If the technical scheme of the application relates to personal information, a product applying the technical scheme of the application clearly informs personal information processing rules before processing the personal information, and obtains personal independent consent. If the technical scheme of the application relates to sensitive personal information, a product applying the technical scheme of the application obtains individual consent before processing the sensitive personal information, and simultaneously meets the requirement of 'express consent'. For example, at a personal information collection device such as a camera, a clear and significant identifier is set to inform that the personal information collection range is entered, the personal information is collected, and if the person voluntarily enters the collection range, the person is regarded as agreeing to collect the personal information; or on the device for processing the personal information, under the condition of informing the personal information processing rule by using obvious identification/information, obtaining personal authorization by modes of popping window information or asking a person to upload personal information of the person by himself, and the like; the personal information processing rule may include information such as a personal information processor, a personal information processing purpose, a processing method, and a type of personal information to be processed.
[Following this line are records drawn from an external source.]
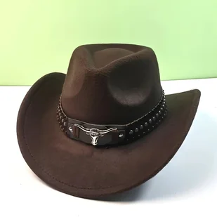 TEMU 1 szt. Zachodni Kapelusz Kowbojski z Paskiem z Głową Byka, Pleciony Pasek z PU Skóry, Prosty Kapelusz z Szerokim Rondem, Unisex, Prezent na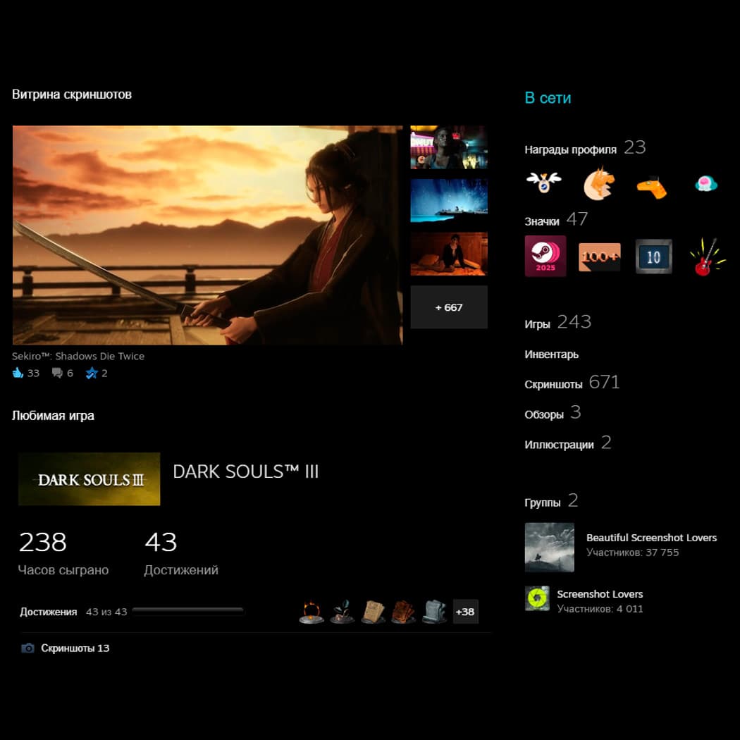 Как видишь, грамотно оформить профиль в Steam не так сложно. Сделай аватар и фон в одной теме, напиши короткое описание в разделе «О себе», добавь пару витрин, которые реально тебя отражают как игрока, и закрепи один подходящий значок. И помни, что в любом деле не стоит бросаться в крайности, а уж тем более, если это касается твоей личной странички в Стиме.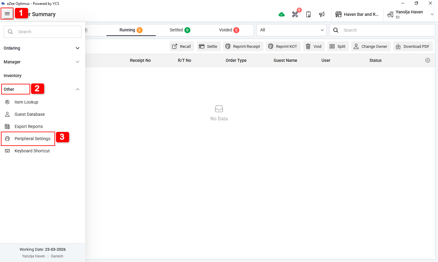 3. Navigate to Peripheral Settings.

Having described embodiments of the present disclosure, the foregoing description is intended to be exemplary, not exhaustive, and not limited to the disclosed embodiments. Many modifications and variations will be apparent to those of ordinary skill in the art without departing from the scope and spirit of the described embodiments. The terminology used herein is chosen in order to best explain the principles of the embodiments, the practical application, or improvements made to the technology in the marketplace, or to enable others of ordinary skill in the art to understand the embodiments disclosed herein.

Claims (15)

1. A network training method is applied to a server, wherein a first neural network is deployed in the server, the first neural network has first network parameters, and the method comprises the following steps:
receiving a plurality of second network parameters sent by a plurality of clients, wherein a second neural network and a local image data set are respectively deployed in each client, and the second network parameters are obtained by training the second neural network based on the local image data set;
clustering the plurality of clients to obtain a plurality of client groups;
for any client group, updating the first neural network based on the second network parameters sent by each client included in the client group to obtain updated first network parameters corresponding to the client group;
sending the updated first network parameters to each client included in the client group so as to update the second network parameters corresponding to each client included in the client group;
and iteratively executing the steps until iterative training meets a preset training condition, wherein the first neural network and/or the second neural network after iterative training are/is used for carrying out image processing on the image to be processed.
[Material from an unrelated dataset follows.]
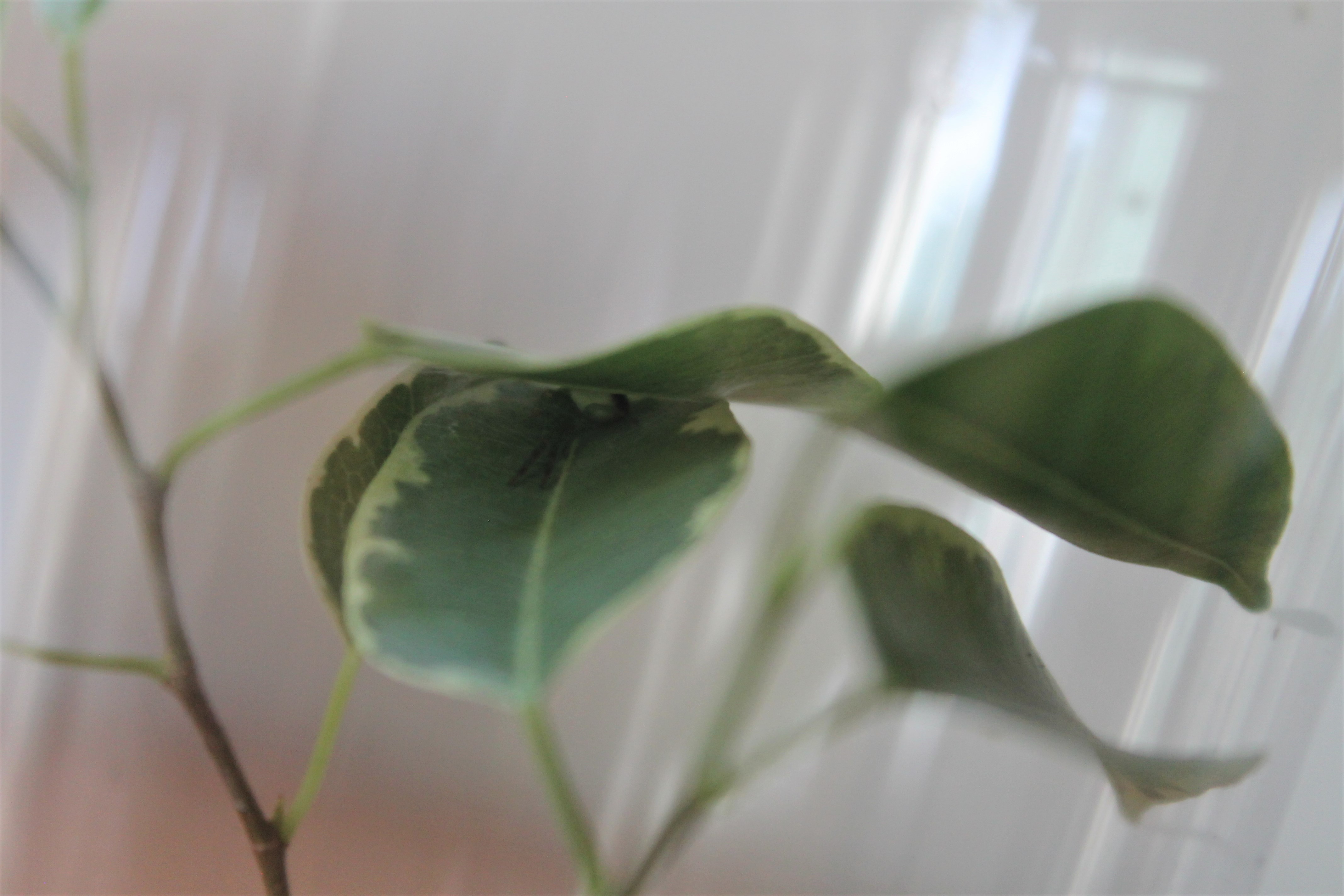 Uciekł mi z 2 razy. Od jakiegoś czasu znalazł sobie miejsce wśród liści fikusa, kilka dni temu upolował tam muchę.

2. The method of claim 1, wherein clustering the plurality of clients to obtain a plurality of client groups comprises:
receiving a first feature vector sent by each client, wherein for any client, the first feature vector is obtained by performing feature extraction on a shared image by using the second neural network trained in the current training round;
clustering the first feature vectors to obtain a plurality of feature vector groups;
and aiming at any one characteristic vector group, dividing the client corresponding to each first characteristic vector in the characteristic vector group into the same client group.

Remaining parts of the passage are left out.